This past Wednesday I detailed a near-term bearish trade idea on Twitter (TWTR) on the site and for my weekly In The Money segment with Fidelity Investments (watch here), here was my rationale and trade:


On Thursday’s Fast Money I was a bit more explicit as to why I thought the stock could crater in the near-term specifically as they were likely to boot off trump soon and with him would go lots of his followers, thus lower engagement and monetization and given recent trends and Q2 pull-forward that it might be as good as it gets for the stock for some time, especially when you consider the Q3 trends and investors reaction to the those.


Well Twitter did kick trump off its platform for inciting a deadly riot at our nation’s capital, and investors are trying to figure out what that means for the company’s prospects, but shooting first and asking questions later.
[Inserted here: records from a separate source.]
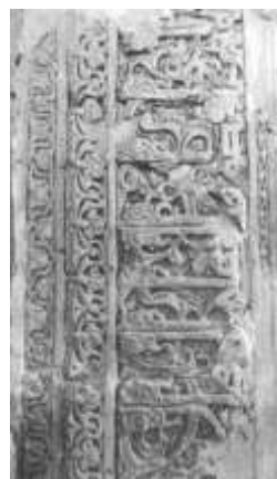
تصویر ۵ ب - تزئینات کتیبه کوفی بر قوس اولین محراب شبستان امام حسن (Anisi, 2004).

دومین تورفتگی مستطیل‌شکل دوازده سانتی‌متر عمق دارد که داخل تورفتگی اصلی واقع شده و دربردارنده دو قوس کور به همراه دو ستون کوتاه گرد است. در حاشیه داخلی محراب، تزئیناتی به شکل کتیبه کوفی گره‌دار به چشم می‌خورد که در داخل قاب بالای تورفتگی مستطیلی قرار گرفته و پایه‌ای برای قسمت میانی قوس اصلی به شمار می‌آید (تصویر ۶ ب). محراب سوم، ۲/۱۳ متر عرض و ۲/۲۵ متر ارتفاع دارد که مرکز آن، به وسیله قوس فرورفته‌ای پُر شده است. دو ستون پیش‌آمده با سرستون مدور و با تزئینات گیاهی، پهلو و جناح تورفتگی محراب را تزئین کرده‌اند (تصویر ۷ الف). به علاوه کتیبه‌ای کوفی در پس‌زمینه داخلی محراب نگاشته شده و گچبری‌هایی در الگوی اسلیمی قسمت میانی قوس تورفته محراب را تزئین کرده است. الگوی مشابه چنین گچبری‌هایی در مسجد جامع اردستان (۵۵۵ ق/۱۱۶۰ م) و در مقبره پیر حمزه سبزی‌پوش در ابرکوه (۵۱۰ ق/۱۱۱۶ م) مشاهده می‌شود. بر حاشیه محراب، آیه «اقم الصلوه للذکر الشمس الی غسق اللیل» تا آخر آیه ۷۹ سوره بنی اسرائیل به خط کوفی مشجّر در زمینه نقوش اسلیمی حک شده است. بر حاشیه تاق‌نمای وسط محراب، کتیبه‌ای به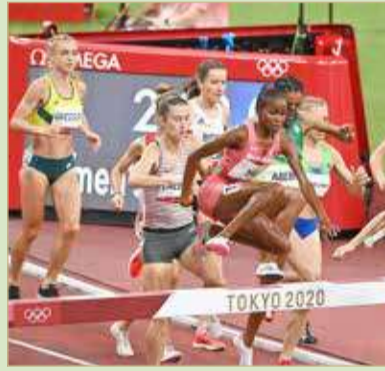
وينفرد تتخطى أحد الموانع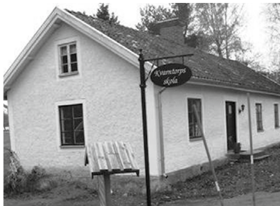
Kvarntorps skola redo för aktiviteter.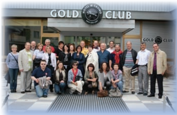
Učna partnerstva – TANDEMS GO!

projektu smo sodelovali z OŠ Dornberk, ki je k sodelovanju privabila učence in učenke računalniškega krožka, in s skupino starejših odraslih iz društva upokojencev in aktiva podeželskih žena. Sodelovalo je prek 20 prostovoljcev in 6 zaposlenih v naši organizaciji. V partnersko mrežo pa je bilo vključenih 8 evropskih držav. Ob zaključku projekta so izšle tudi tri publikacije, ki so nastajale v sodelovanju s Filozofsko fakulteto, Univerzo za tretje življenjsko obdobje in z vsemi partnerji, ki so prispevali poročila, primere dobrih praks in svoje izkušnje. V tiskani obliki je izšla znanstvena monografija z naslovom Intergenerational Learning and Education in Later Life , v elektronski obliki, prav tako v angleščini, je bila izdana e-knjiga TANDEMS GO! – Twinning the elderly and young people as a possibility of e learning , v slovenščini pa je nastal e-priročnik za medgeneracijsko učenje Izobraževanje – most med generacijami , pri katerem so sodelovali študenti Filozofske fakultete. Vse publikacije so dostopne na spletni povezavi http://www.lu-ajdovscina.si/o_nas/publikacije/ .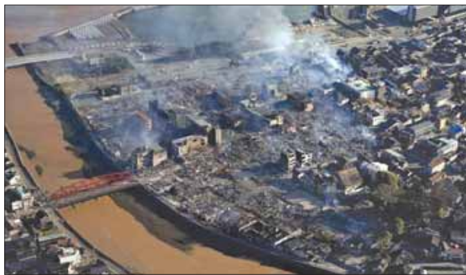
အိရှီကာဝါပြည်နယ် ဝါဂျီးမားမြို့တွင် မြေငလျင်ကြောင့် ဖြစ်ပွားခဲ့သည့် ပျက်စီးမှုများကို တွေ့ရစဉ်။

အစိုးရအဖွဲ့၊ အတွင်းရေးမှူးချုပ် ယိုရိုမာဆာ ဟာယာရှိကလည်း အစိုးရအနေနဲ့ လူပေါင်း ၅၇၄၆၀ ကို ကယ်ဆယ်ရေးစခန်း ၉၅၅ ခုမှာ စောင့်ရှောက် ထားပြီး လိုအပ်တဲ့အကူအညီတွေ ပေးအပ်နေကြောင်း၊ ကိုယ်ပိုင်ကာကွယ်ရေးတပ်ဖွဲ့ တပ်ဖွဲ့ဝင် ၁၀၃၀၊ ရဲတပ်ဖွဲ့ဝင် ၆၃၄ ဦး၊ မီးသတ်တပ်ဖွဲ့ဝင် ၂၀၄၇ ဦးနဲ့ ကမ်းခြေစောင့်တပ်ဖွဲ့ဝင် ၂၂၅၀ ကို ရှာဖွေကယ်ဆယ် ရေးလုပ်ငန်းများ ဆောင်ရွက်ရန် စေလွှတ်ထား ကြောင်း ပြောကြားခဲ့ပါတယ်။ သို့သော်လည်း မော်တော်ကားလမ်းတွေ အက်ကျဲပြိုကျမှု၊ တံတား အချိုးပြိုကျမှုတွေကြောင့် ရှာဖွေကယ်ဆယ်ရေး လုပ်ငန်းတွေအတွက် အခက်အခဲအချို့ကြုံတွေ့ရ ကြောင်းလည်း သိရှိရပါတယ်။ ဒါ့အပြင် မြေငလျင်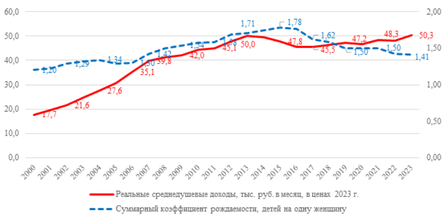
Рисунок 1. Динамика доходов и уровня рождаемости в Российской Федерации за 2000–2023 годы. Figure 1. The dynamics of income size and birth rate in the Russian Federation for 2000–2023.

Позитивными сдвигами можно считать появление в стратегических целях России и многих регионов демографических показателей. Но в этой кампании остается открытым вопрос: а где же любовь? «Бескорыстная, са-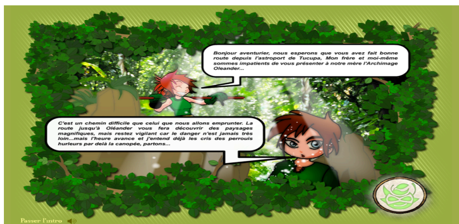
Figure 7 : Extrait de l’animation en introduction du premier monde visité, Végétalia

Enfin, les graphismes sont tout droit sortis de bandes dessinées. Statiques, il s’agit de montages/animations/dessins en couleurs (types mangas) par lesquels les personnages imaginaires (combattants) partent avec l’internaute à la conquête de mondes.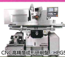
CNC高精度成形研削盤/HPG500NC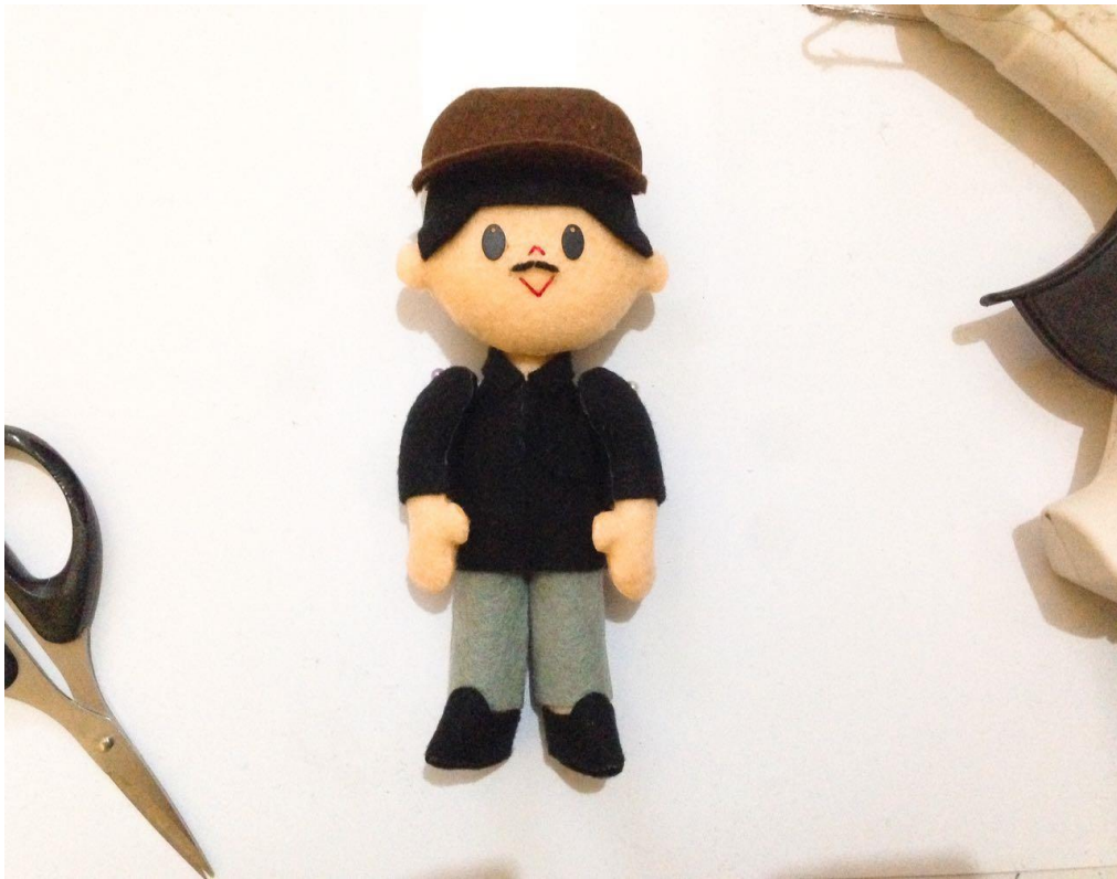
Proses Finishing.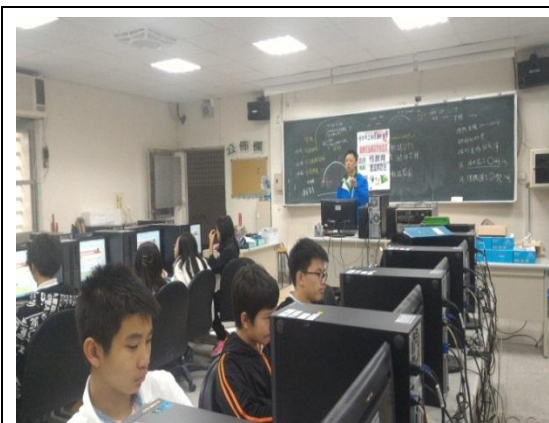
學生性教育網路資訊後測時 (106. 3. 31)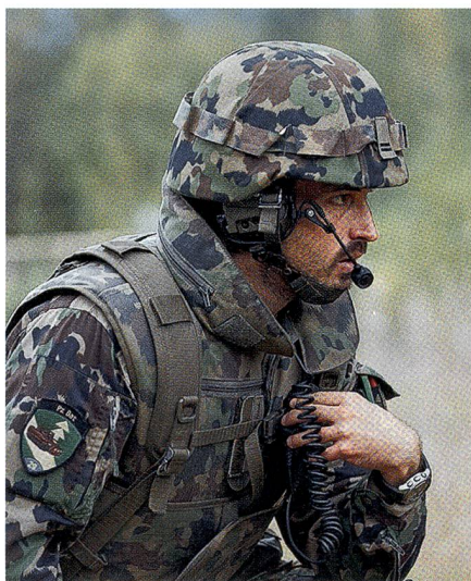
Die Panzergrenadierkompanie 29/4, als solche erkennbar am blauen Halbkreis.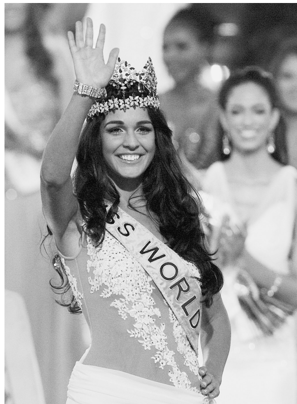
12月12日,在南非约翰内斯堡,直布罗陀小姐卡伊恩·阿尔多里尼奥当选2009年世界小姐。2009年世界小姐总决赛12日晚在南非最大城市约翰内斯堡举行,22岁直布罗陀小姐卡伊恩·阿尔多里尼奥艳压群芳,摘得世界小姐桂冠。

最体现“香港模式”之精髓的要数“水陆两栖”的开幕式。如果走常规路线,本届东亚运开幕式只能在可容纳4万人的香港大球场举行,纵有再多亮点也注定会淹没在众多规格更高、影响力更强的综合性运动会开幕典礼之中。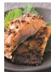
さばのへしこ ※写真はイメージです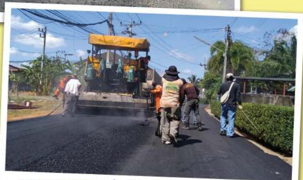
เทศบาลนครสุราษฎร์ธานีเร่งดำเนินการซ่อมแซมปรับปรุงเสริมผิวจราจรแบบแอสฟัลต์ติกคอนกรีต ถนนปทุมพร ถนนร่วมพัฒนา ถนนไฉลกรัฐ ซอย 8 โดยวิธีการจัดซื้อวัสดุแอสฟัลต์ติกคอนกรีตและดำเนินการปูผิวจราจรด้วยรถปูแอสฟัลท์งานสาธารณูปโภค ส่วนการโยธา สำนักงานช่าง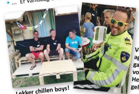
Lekker chillen boys!

Volgens agent Meijer gaat alles volgens de Hei2o-regels, gelukkig maar!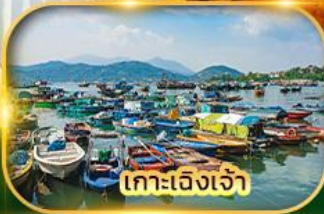
เกาะเจิงเจ้า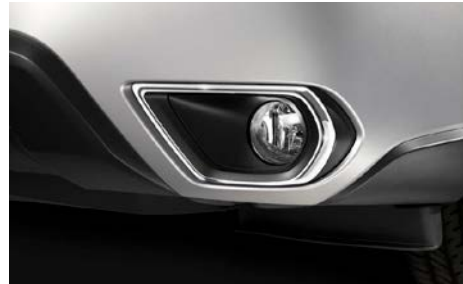
12 Sumuvalojen koristelista J105ESG000 Kromi. Vain MY13-15, Ei XT.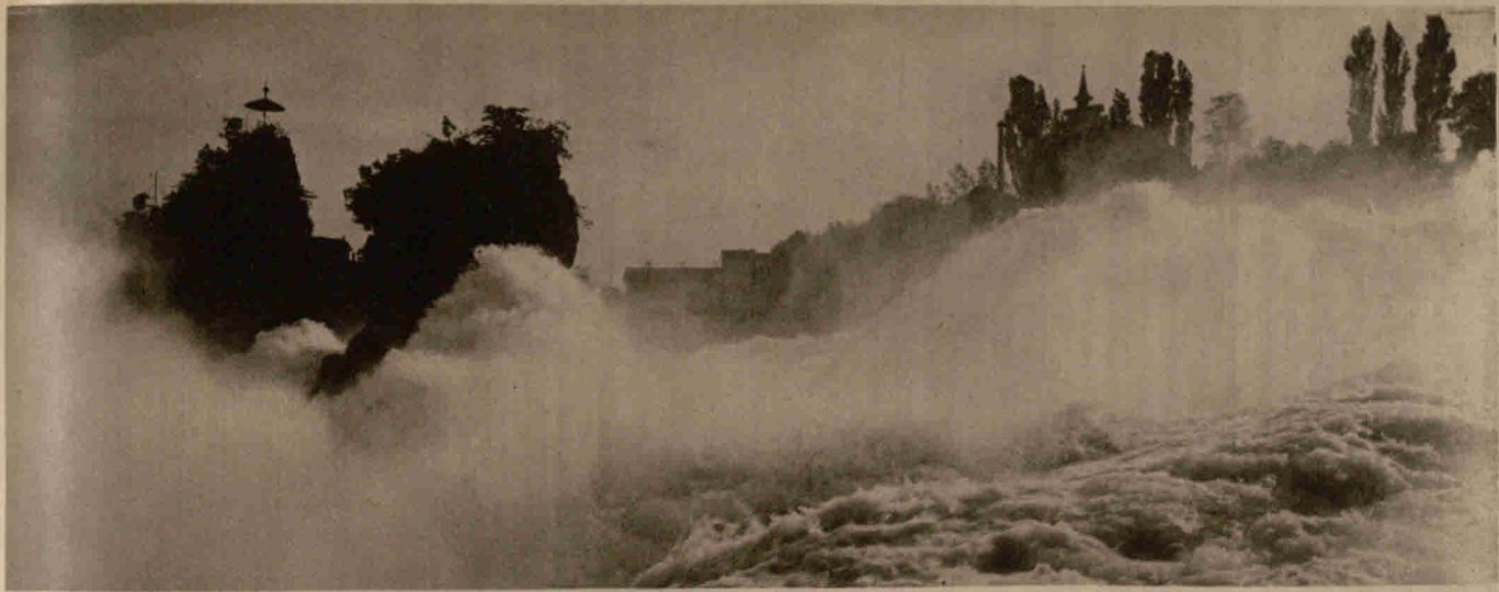
Das Tor des Rheins bei Schaffhausen mit Schloß Laufen, das jetzt als Lazarett dient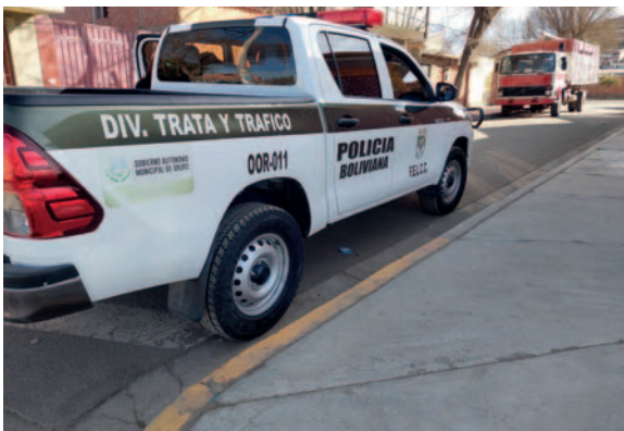
El vehículo de la División de Trata y Tráfico de la Felcc que trasladó a la adolescente

to al promediar las 18:00 horas y hemos mandando a los dos equipos interdisciplinarios y se ha podido tomar un poco la declaración, toda vez de que la adolescente está un poco reacia a realizar su entrevista, ya está nuevamente a disposición el Sedeges (Servicio de Gestión Social). Refiere que estaba con una de las adolescentes, pero la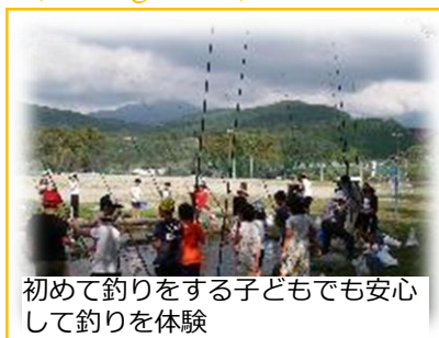
初めて釣りをする子どもでも安心して釣りを体験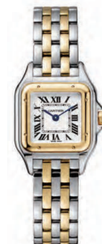
CRW2PN0006 22mmx30mm SM. イエローゴールド、ステンレススティール 815,400円(税込)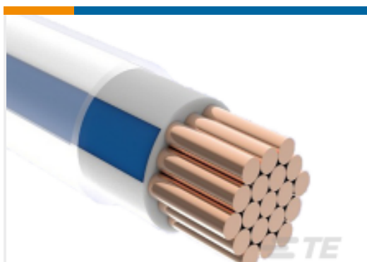
TE 产品编号CT01383001 ACW0219-1.00-12L(NS)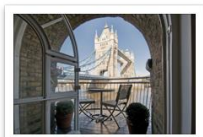
Anchor Brehouse balcony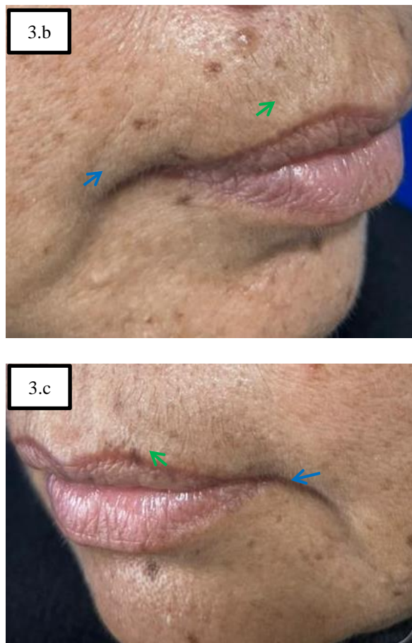
GAMBAR 3. TAMPAK FINE WRINKLE PADA UPPER LIP LINES (A,B,C PANAH HIJAU) DAN DEEP WRINKLE PADA CORNER OF MOUTH LINES (A,B,C PANAH BIRU)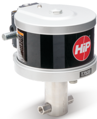
T系列高压气驱泵 最高压力可达470MPa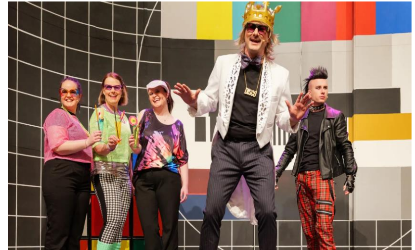
NT Delmenhorst "Völlig losgelöst" Ensemble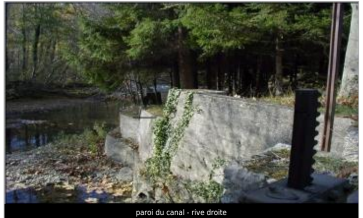
paroi du canal - rive droite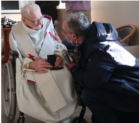
Monsieur Le Maire remettant, à l'abbé, la médaille avec l'arbre de vie

chouettes souvenirs qui ont permis de souligner combien l'abbé avait le sens du service des autres, un esprit ouvert, combien sa gentillesse mais aussi sa ténacité étaient remarquables, que son grand âge ne l'empêchait pas d'aller régulièrement visiter les autres résidents.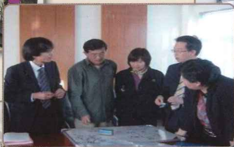
日水製薬と北京同仁堂 技術交流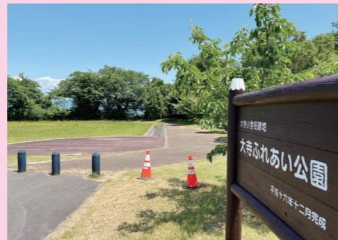
広場の復旧が必要になった大寺ふれあい公園 ～ルールを守って大切に利用しましょう～

※ 0-60モンテディオやまびこ …モンテディオ山形が展開する、高齢者の健康と社会参加を「声」を通じて支援する活動。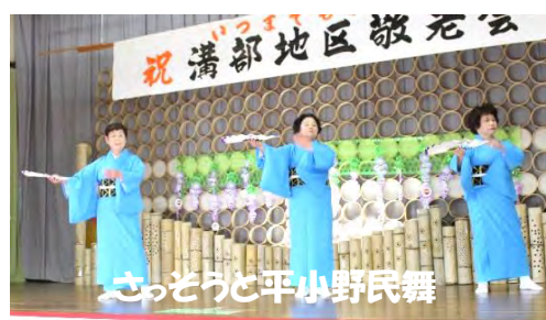
さっそうと平小野民舞

The stock traded as low as $45.15 shortly after the open but has since bounced.


Interestingly finding support at the uptrend from the March lows which I highlighted last week, but also when I “Power-Pitched” the stock back in early Nov Fast Money and on Risk Reversal (here):


Trade Update: with TWTR stock near $48, the Jan 22nd 53 puts that cost $2 last week when the stock was 53 can now we sold at $6, I think it makes sense to take the short term profit and look to re-load on the short side if the stock were to get back above $50.